Но время шло, и Кулибина всё больше и больше тянуло к Решкову, как, видимо, невольно поворачивается глаз человека к чьей-то отвратительно гниющей язве. Что это: пустое любопытство или острое желание разгадать, что чувствует, что думает тот, зачем-то и куда-то двигающийся с гнойником, от которого избавления нет?
А Решков, спасаясь от самого себя, всё чаще и чаще прибегал к наркотикам. Кулибин, наконец, не выдержал, и в один из вечеров посоветовал ему обратиться к врачу или, хотя бы, отдохнуть.
Решков ответил отказом. Затем, словно вспомнив что-то, нервно сказал:
– Это, Владимир Борисович, не для меня. Я уже не могу перестать себя мучить. Я, понимаете, не человек. Что-то противное в себе обнаруживаю. До безнадежности противное. А ваш совет… советуете вы потому, что не догадываетесь о главном. А такой, кто догадывался, был. Когда я согласился с ним, и спросил: «Как быть?» он сразу и толково ответил: «А ты взял бы да и повесился на собственных подтяжках». Совет был трезвый, благоразумный и, заметьте, равнодушный. А вы…
– Я не могу быть таким благоразумным, не хочу, понимаете: не хочу! – схватив руку Решкова, воскликнул Кулибин. – Вы же человек! Об этом не забывайте, Леонид Николаевич. Подумайте об этом. Почему прибегать к подтяжкам? Есть другие пути.

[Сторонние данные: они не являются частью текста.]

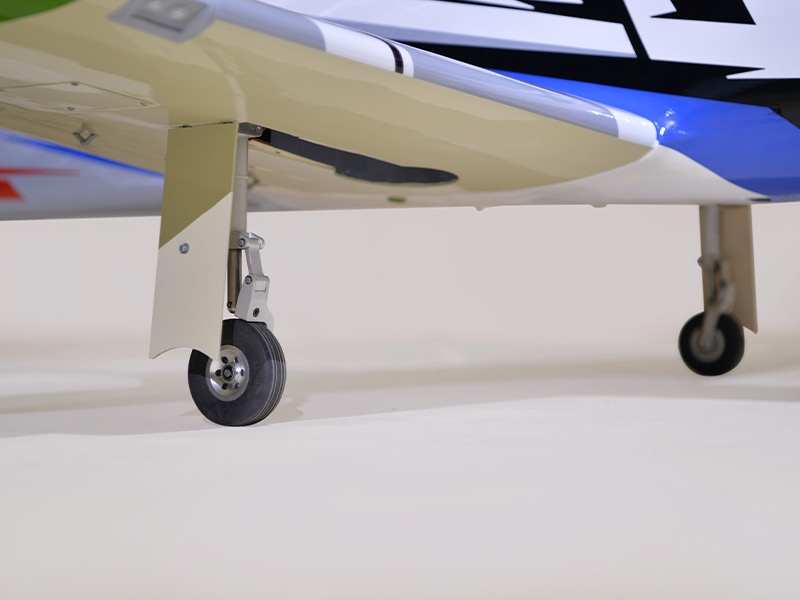 Electric retractable landing gear included. This latest version of the Phoenix Tucano comes with an electric retractable main landing gear and an electric retractable nose gear. The landing gear legs are made entirely of CNC-machined metal, and the gear box is also included.

— Об этом я тоже размышлял, Владимир Борисович. В один из тех случаев, когда (об этом я вам рассказывал) испуг перед самим собою заставлял меня опускаться на четвереньки и по-звериному вскидывать голову к черному потолку. Нет, я не выл от тоски. Для того, чтобы выть – надо быть хоть немножко человеком. А разве я «хоть немножко»? Бывало, Владимир Борисович, и такое. Я брал карту Европы и выбирал место, куда я могу унести самого себя. Ну, вот туда, в эти горы. Или туда, к тем фиордам. И я убеждался, что передо мною – ничего нет. Это для других – моря и долины, сложные и интересные пути-дороги, реки и города. А для меня – только какой-то унылый угол, куда я однажды забьюсь, чтобы…
– Почему вы всё это говорите, Леонид Николаевич?

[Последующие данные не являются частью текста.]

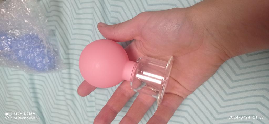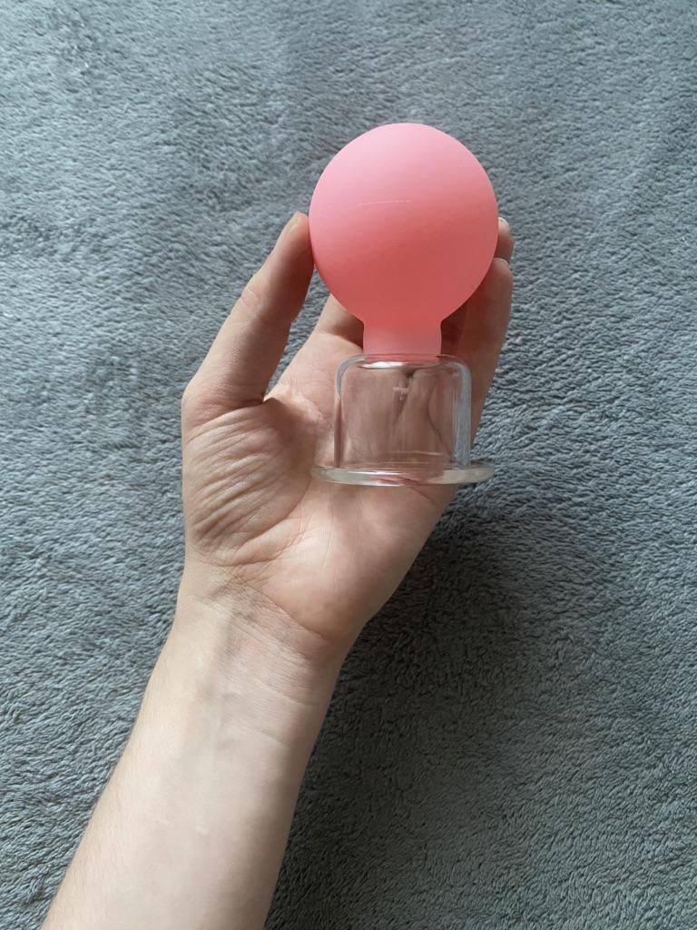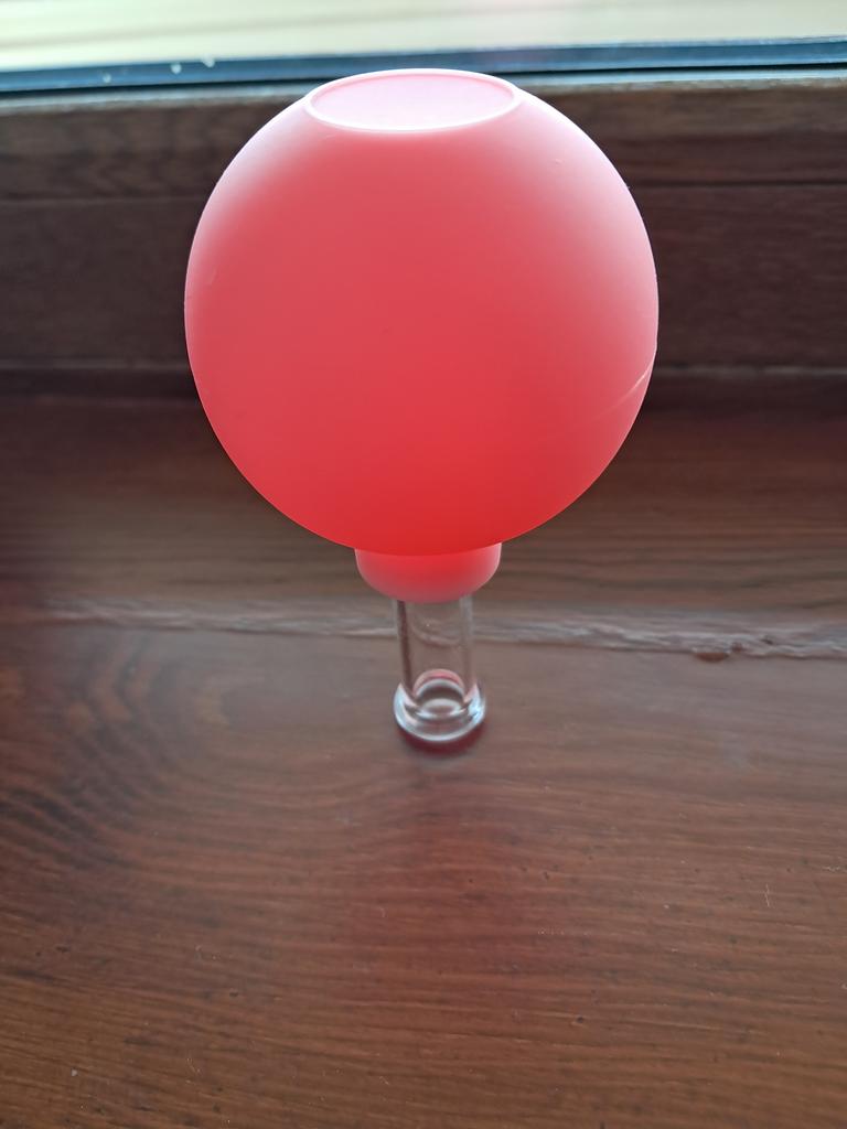 Vakuová nádoba pro masáž obličeje. Průměr skleněného otvoru je 1 cm.

– Почему, почему. Разве я знаю, – склонив голову, шептал Решков. – Хотя, может быть и знаю. Вернее – знаю. Чтобы мне говорить по-другому, надо было бы воскресить очень многих… начав с Мовицкого… о котором вы обязаны вспомнить в своей, еще не написанной книге. Без Мовицкого – вы меня не поймете. Ничего не поймете. Кстати, я эту вашу, еще не написанную книгу, всегда читаю. Ее нет, я ее, возможно, никогда не увижу, но я ее всегда ношу в своей душе, вынимаю, когда нужно, разглаживаю ее страницы и, закрыв глаза, читаю. Мне дорога эта книга. Она заставляет меня жить своими главами, и хоть я понимаю, что их нет, ничего нет, даже отдельных строчек нет, я всеми силами держусь за эту вашу еще не написанную книгу. В ней – мои мысли о самом себе, и обо всех других. Или наброски мыслей. Эти наброски я сам, по своей воле, могу переделывать, подкрашивать, улучшать и ухудшать, и когда они становятся приемлемыми мне – вот тогда-то я вижу безвыходность и стремительно летящий на меня конец.
Дрожа, сгорбившийся и жалко беспомощный, он продолжал говорить, но как будто только для того, чтобы еще больше растравить какую-то старую не заживающую рану. Ковыряясь в ней, он наваливал на себя самые неправдоподобные грехи, упивался своими признаниями, иногда – в паузах – тяжело и дико подхохатывая.
Потом, и как-то вдруг, словно уже не понимая, что делать дальше, он опустил голову на колени Кулибина и притих.
Подождав немного, Кулибин склонился и увидел, что Решков спит, но очень странно: с полузакрытыми глазами и ушедшими в подлобье зрачками.
Зрачки казались мертвыми. Когда же они дернулись и с жуткой медлительностью передвинулись слева направо, Кулибину стало не по себе, и он с материнской нежностью прикоснулся ко лбу Решкова. Тот как будто только и ждал этого, чтобы бессвязно зашептать о Суходолове, о Воскресенском и о какой-то таинственной «точке».
Это – пояснит Автор – Решков в полубреду восстанав ливал беседу со своим помощником, тот злобный разговор, которым подталкивался Семен Семенович Суходолов к мед ленной гибели, начавшейся с того, что можно определить словами —
Дело профессора Воскресенского и преступление Суходолова
Автор рискует высказать предположение, что только после бесед, происходивших с Решковым, Суходолов на всё, окружающее его, взглянул как-то со стороны, почувствовал себя очень одиноким и, главное, человеком, вся жизнь которого оказалась ошибкой.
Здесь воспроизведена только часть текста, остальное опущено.